Let $I=[0,1]$ and $S^3$ the $3$-sphere. Assume we have injective maps $f_1,f_2:I\to S^3$ such that $\mathrm{Im}f_1\cap\mathrm{Im}f_2=\emptyset$. I have the following problem:
Compute $H_*(S^3-\mathrm{Im}f_1\cup\mathrm{Im}f_2)$, giving exlicit generators.
I am only allowed to use chapter 2 and chapter 3 before Poincaré Duality from Hatcher's Algebraic Topology.
I know by compactness and Hausdorffness that $f_1$ and $f_2$ are embeddings.
What I first did was considering tubular neighborhoods $N_1$ and $N_2$ of $\mathrm{Im}f_1$ and $\mathrm{Im}f_2$, respectively, which must be contractible, and then Mayer-Vietoris would show everything via decomposition $S^3=(S^3-\mathrm{Im}f_1\cup\mathrm{Im}f_2)\cup (N_1\cup N_2)$. However, it seems that stronger conditions are needed in order to consider tubular neighborhoods, so this method was wrong.
From Alexander Duality I know what the homology groups are, but that theorem comes after Poincaré Duality, so I cannot use it.
Question
Can I somehow justify the existence of contractible neighborhoods $N_1$ and $N_2$ even though they are not tubular? Is there a better way to approach this problem? If possible, I would like a method that also works for embeddings of other compact manifolds such as the Möbius band and $S^1$.
Edit In section 2.B of Hatcher there is a proof for the case of an embedding $h:D^k\to S^n$. I don't know if it is possible to adapt this theorem to an arbitrary (at least finite) number of copies of $D^k$ being embedded by different embeddings, but that would definitely help.
You can indeed make use of the proof from Hatcher Section 2.B. Presumably what that result gives you is trivial reduced homology in all dimensions for $S^n - h(D^k)$.
The way you use it is not to decompose $S^3 - (\text{Im}(f_1) \cup \text{Im}(f_2))$ but instead to decompose $S^3$ itself.
Let $U_1 = S^3 - \text{Im}(f_1)$ and let $U_2 = S^3 - \text{Im}(f_2)$, and so $U_1 \cap U_2 = S^3 - (\text{Im}(f_1) \cup \text{Im}(f_2))$.
So you want to compute the homology of $U_1 \cap U_2$. You can do this using the Mayer-Vietoris sequence for the union $S^3 = U_1 \cup U_2$.

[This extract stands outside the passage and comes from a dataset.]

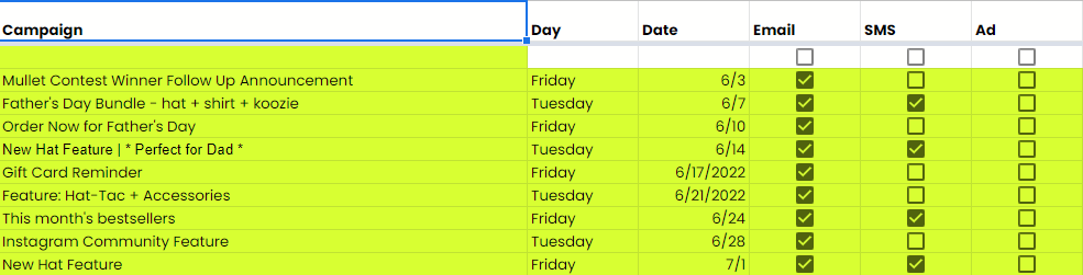 The list is longer than you probably originally thought, and the good news is that you can use a simple Google spreadsheet to keep track of the email + SMS campaigns you're going to send each month, as seen below.

Consider for example this portion of the sequence: $$\underbrace{H_3(U_1)}_{\approx 0} \oplus \underbrace{H_3(U_3)}_{\approx 0} \to \underbrace{H_3(U_1 \cup U_2)}_{H_3(S^3)\approx\mathbb Z} \mapsto H_2(U_1 \cap U_2) \mapsto \underbrace{H_2(U_1)}_{\approx 0} \oplus \underbrace{H_2(U_2)}_{\approx 0} $$
It follows that $H_2(U_1 \cap U_2) \approx \mathbb Z$. Furthermore, the proof of the Mayer Vietoris sequence is sufficiently explicit that you should be able to use it to produce an explicit 2-cycle representing the generator of $H_2(U_1 \cap U_2)$. The word "explicit" must be taken with a grain of salt, of course, because you are not being given the maps $f_1$ and $f_2$ explicitly. Really what you will do is to produce a formula for that 2-cycle that is expressed in terms of $f_1$ and $f_2$.
A similar method for $H_1(U_1 \cap U_2)$ works as well, with an even simpler outcome. It also works for $H_0(U_1 \cap U_2)$ but make sure to use reduced homology to save yourself some headaches.